Gelişmiş dünyayı yakalamaya çalışan ülkeler için eğitimin ilaç olduğu konusunda neredeyse fikir birliği var. Suudi Arabistan Eğitim Bakanlığı’nın okul günlerini artırarak, zaman ve metodolojik bölümlememeye giderek eğitim sistemindeki gelişmeleri açıklaması, kısa sürede büyük ve köklü değişiklikler yapan bir ülke için cesaret verici bir adımdır. Suudi Arabistan yasama, yürütme, teknik, ekonomik, sosyal ve diğer alanlarda kapsamlı bir değişime tanık oldu ve eğitim her değişimin ana kaynağı olmaya devam ediyor.

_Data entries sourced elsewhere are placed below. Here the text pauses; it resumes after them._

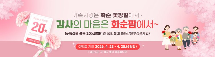 화순팜 가정의 달 감사의 달 이벤트 배너화순군(군수 구복규)은 다가오는 5월 가정의 달을 맞아 화순팜에서 오는 23일부터 4월 28일까지 다양한 이벤트를 진행한다고 밝혔다.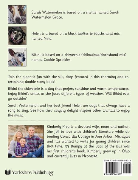 Author Kimberly Prey has written a fun read aloud story for kids of all ages. Beautiful illustrations will capture imaginations and delight children as they join the gigantic fun with the silly dogs featured in the charming and entertaining double story book! Bikini the chiweenie is a dog that prefers sunshine and warm temperatures. Enjoy Bikini's antics as she faces different types of weather. Will bikini EVER go outside? Sarah Watermelon and her best friend Helen are dogs that always have a song to sing. See how their singing delight inspires the other animals to enjoy the music. You just may find yourselves singing along!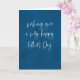 Nous vous souhaitons une très Joyeuse Fête des Pères ! Cette carte simple et élégante est parfaite pour tout papa, grand-père ou figure paternelle. Personnalisez le message à l'intérieur de cette carte moderne de Fête des Pères pour un effet personnalisé. L'écriture blanche sur le devant est moderne et chic sur le fond bleu texturé. L'intérieur présente un texte bleu coordonné. Trouvez plus de styles et de couleurs par Lea Delaveris Design.
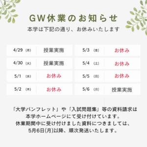 本学は、5月1日(水)~5月5日(日)までの間、ゴールデンウィーク休業期間となりますのでお知らせいたします。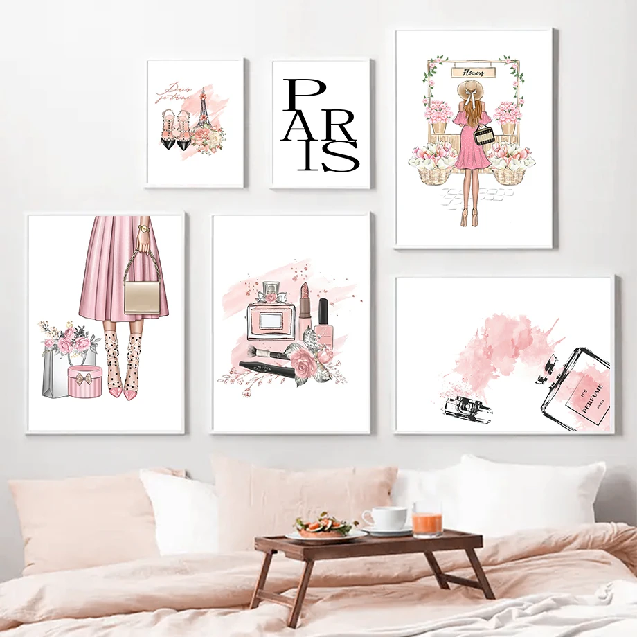 Розовый цветок парфюм девушка сумка пятка модный макияж Искусство Холст Картина скандинавский постер и искусство для гостиной Декор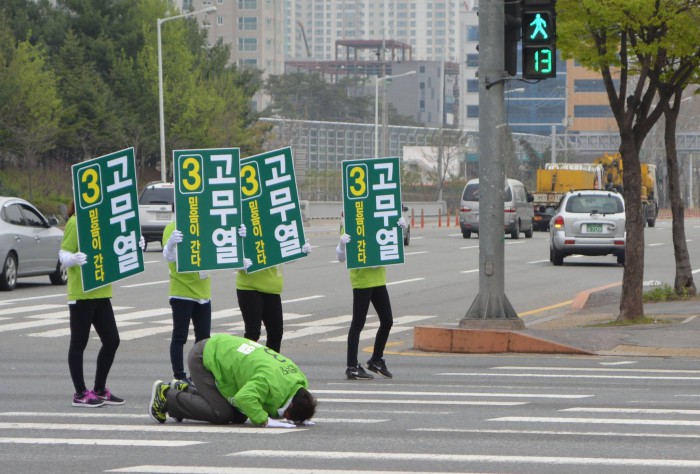 고무열 후보는 또 "조금만 도와주시면 승리가 보인다"면서 지지를 호소했다.고무열 국민의당 후보가 도로에서 큰 절을 올리는 모습. <출처 = 고무열 후보 페이스북>

1957’de Amerikalılar, Sovyetlerin “Sputnik” füzesini uzaya fırlatması karşısında şok oldular. Sovyetler, ABD’yi bilim alanında nasıl yakalayabilmişlerdi? Bunu ilk kıtalararası balistik füze, ardından ilk köpek, ilk erkek ve ilk kadının uzaya gönderilmesi, sonra ilk uzay istasyonu, nükleer başarılar, askeri endüstriler ve hatta sanat ve spor alanlarındaki başarılar geldi.

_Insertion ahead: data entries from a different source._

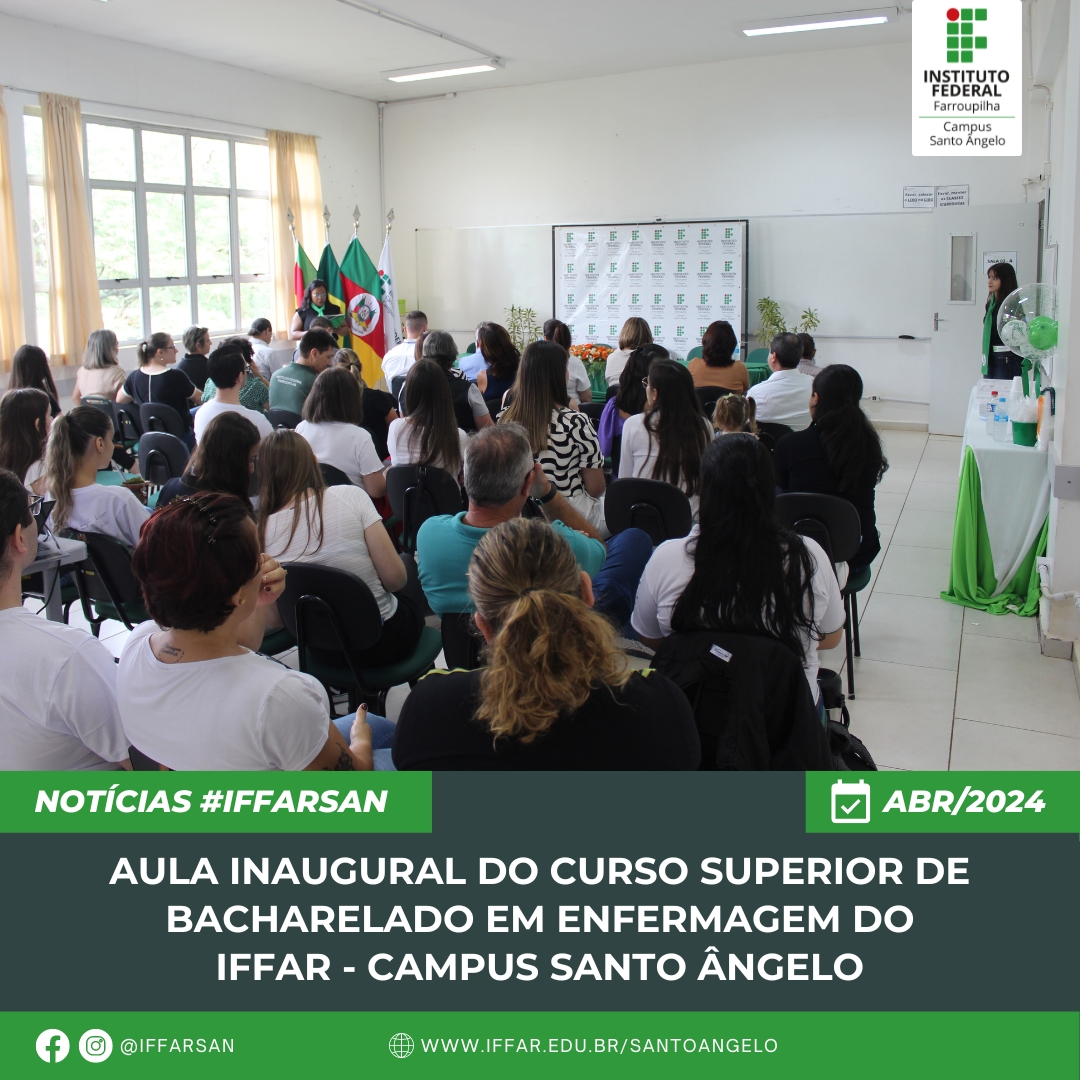 Com muito orgulho, na manhã do dia 04 de abril de 2024, o IFFar - Campus Santo Ângelo promoveu a solenidade para Aula Inaugural do Curso Superior de Bacharelado em Enfermagem.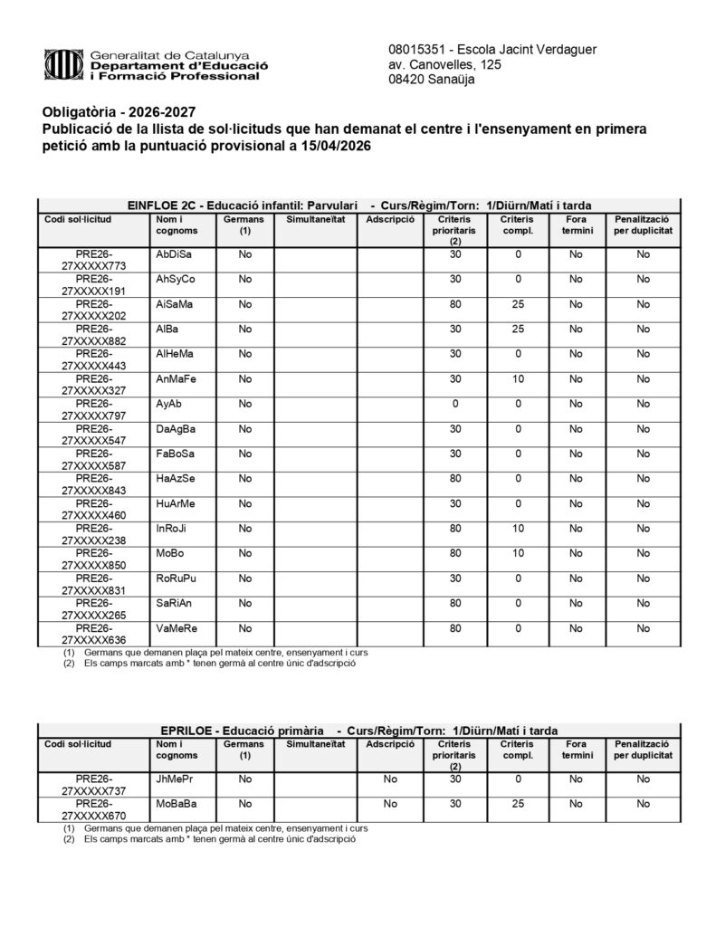 Benvolgudes famílies, Us informem que ja s’ha fet pública la llista de sol·licituds que han demanat el centre i l’ensenyament en primera petició, amb la puntuació definitiva un cop resoltes les reclamacions (23/04/2026). Podeu consultar el detall complet en el document adjunt, així com fer la consulta individual a través de la web preinscripcio.gencat.cat, amb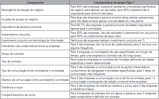 O grupo de duas empresas que apresentam parceria Tipo 1 com facilitadores mais favoráveis consideram a proximidade fundamental, não pretendem trabalhar com a parceira de forma exclusiva. Por conter apenas duas empresas, é difícil estabelecer um padrão nos componentes de parceria. Contudo, observou-se que para ambas a parceria é considerada importante apenas para a contratada, não há investimento conjunto, não há intercâmbio de pessoal, os contratos são de curto prazo, a comunicação entre as partes é limitada, há baixa tolerância a risco, características que são coerentes com parcerias desse tipo.

İki ülke yaklaşık kırk yıl süren bir yarışa girdi. İdeolojik dogmatizme ve devlet kurumlarının zayıflığına rağmen Moskova’da denklemi değiştiren şey, eğitim sisteminin gelişmesidir. Sovyetler, rekabet etmek ve Batı’yı alt etmek istedikleri için kapitalist Batı’yı tüm hızıyla yakalamaları gerektiğini biliyorlardı ve bu nedenle bilime yoğun bir şekilde odaklandılar. Güney Kore, Çin ve diğer devletler gibi sanayileşen dünyanın merdivenlerini tırmanan ülkelerin durumudur.

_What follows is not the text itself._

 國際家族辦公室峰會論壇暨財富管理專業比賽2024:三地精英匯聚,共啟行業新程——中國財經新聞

Bölgemizdeki ülkelerin eğitim alanında ciddi sorunları var. Eğitimi geliştirerek gelişmiş dünyanın hızını yakalamak ve onlara katılmak için büyük bir fırsatımız var. Zaman farkının olduğunun farkındayız. Peki bu süreyi nasıl kısaltabiliriz? Değişim nesiller alır ve bir nesil yirmi yıldan fazla bir sürede yetişir. Gerek eğitim gerekse profesyonel hayatımızdan, odaklanmanın iki şeyi gerçekleştirdiğini öğrendik: Üstünlük ve kısa zaman. Bilim, teknoloji, mühendislik ve matematikte erken yaşlardan itibaren uzmanlaşmaya ve yoğunlaşmaya odaklanırsak, nitelikli ve üstün bir eğitime sahip bir nesil yetişecektir. Bu şekilde öğrenci, alanında başarılı olmuş bir şekilde üniversiteye girer ve orada uzmanlık kazanır.

Eğitim personeli, müfredat ve araç eksikliği gibi potansiyel zorlukları biliyorum. Fakat her ne kadar zor da olsa kısa bir sürede hedefe ulaşmanın en kısa yolu budur. İstenen gelişmenin genel olması ve üstünlük sahibi kimselerle sınırlanmamasının daha iyi olduğunu varsayıyoruz. ABD’nin ve diğerlerinin tecrübesi “model” okullarla sınırlıdır. Buradaki zorluk, bütün eğitim toplumunun daha iyi niteliklere sahip olması gerekliliğidir. Üniversitede de durum böyledir. Burada da odaklanma ve mükemmelleşme ihtiyacı aynı derecede önemlidir. Her üniversitenin belirli bir alanda ön plana çıkması için özel eğitim alanları tahsis etmesi gerekiyor. Kral Fahd Petrol ve Mineraller Üniversitesi bizim için iyi bir deneyim ve örnektir.